The data >>

┌────────

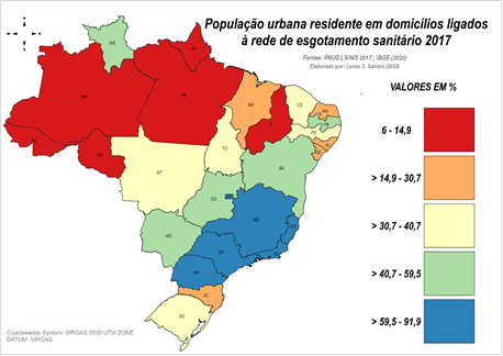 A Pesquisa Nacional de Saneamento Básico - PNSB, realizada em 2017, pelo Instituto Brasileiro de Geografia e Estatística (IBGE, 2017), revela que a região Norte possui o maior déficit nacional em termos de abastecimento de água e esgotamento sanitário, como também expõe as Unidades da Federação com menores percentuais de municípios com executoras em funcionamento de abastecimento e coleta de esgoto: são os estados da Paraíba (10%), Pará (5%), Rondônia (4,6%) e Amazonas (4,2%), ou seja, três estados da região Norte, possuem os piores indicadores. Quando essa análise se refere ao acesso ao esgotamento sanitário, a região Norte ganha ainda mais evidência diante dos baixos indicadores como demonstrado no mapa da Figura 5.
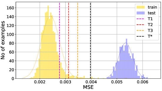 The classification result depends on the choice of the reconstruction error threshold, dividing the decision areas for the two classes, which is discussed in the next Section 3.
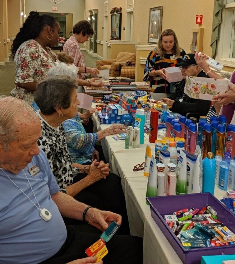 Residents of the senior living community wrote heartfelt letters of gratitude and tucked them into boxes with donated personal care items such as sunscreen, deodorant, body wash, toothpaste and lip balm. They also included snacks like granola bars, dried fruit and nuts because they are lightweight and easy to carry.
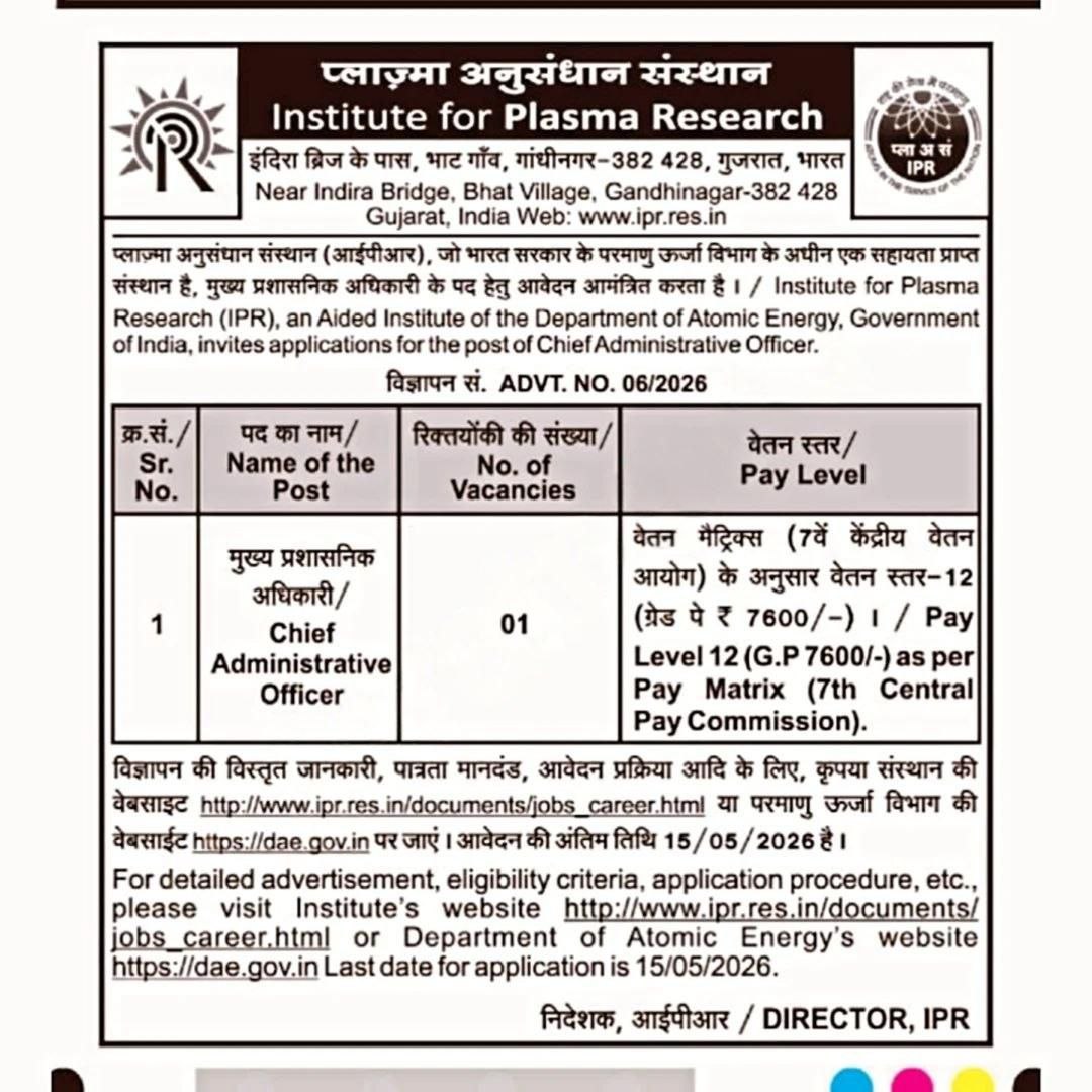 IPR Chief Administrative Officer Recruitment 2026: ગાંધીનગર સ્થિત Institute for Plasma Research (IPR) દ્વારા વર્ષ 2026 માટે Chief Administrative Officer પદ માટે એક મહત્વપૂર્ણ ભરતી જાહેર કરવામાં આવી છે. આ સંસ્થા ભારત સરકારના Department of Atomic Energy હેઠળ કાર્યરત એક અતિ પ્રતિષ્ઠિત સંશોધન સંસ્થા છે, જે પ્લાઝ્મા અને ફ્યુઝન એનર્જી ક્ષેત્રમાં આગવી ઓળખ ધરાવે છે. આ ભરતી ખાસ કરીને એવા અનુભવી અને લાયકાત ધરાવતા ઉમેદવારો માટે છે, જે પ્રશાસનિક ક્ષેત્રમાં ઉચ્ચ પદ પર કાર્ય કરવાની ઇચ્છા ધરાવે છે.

└────────

Restate word for word the lines beginning with the one that contains "Residents of the" and ending with the last line of the listing; pictures stay out.

 Residents of the senior living community wrote heartfelt letters of gratitude and tucked them into boxes with donated personal care items such as sunscreen, deodorant, body wash, toothpaste and lip balm. They also included snacks like granola bars, dried fruit and nuts because they are lightweight and easy to carry.
 IPR Chief Administrative Officer Recruitment 2026: ગાંધીનગર સ્થિત Institute for Plasma Research (IPR) દ્વારા વર્ષ 2026 માટે Chief Administrative Officer પદ માટે એક મહત્વપૂર્ણ ભરતી જાહેર કરવામાં આવી છે. આ સંસ્થા ભારત સરકારના Department of Atomic Energy હેઠળ કાર્યરત એક અતિ પ્રતિષ્ઠિત સંશોધન સંસ્થા છે, જે પ્લાઝ્મા અને ફ્યુઝન એનર્જી ક્ષેત્રમાં આગવી ઓળખ ધરાવે છે. આ ભરતી ખાસ કરીને એવા અનુભવી અને લાયકાત ધરાવતા ઉમેદવારો માટે છે, જે પ્રશાસનિક ક્ષેત્રમાં ઉચ્ચ પદ પર કાર્ય કરવાની ઇચ્છા ધરાવે છે.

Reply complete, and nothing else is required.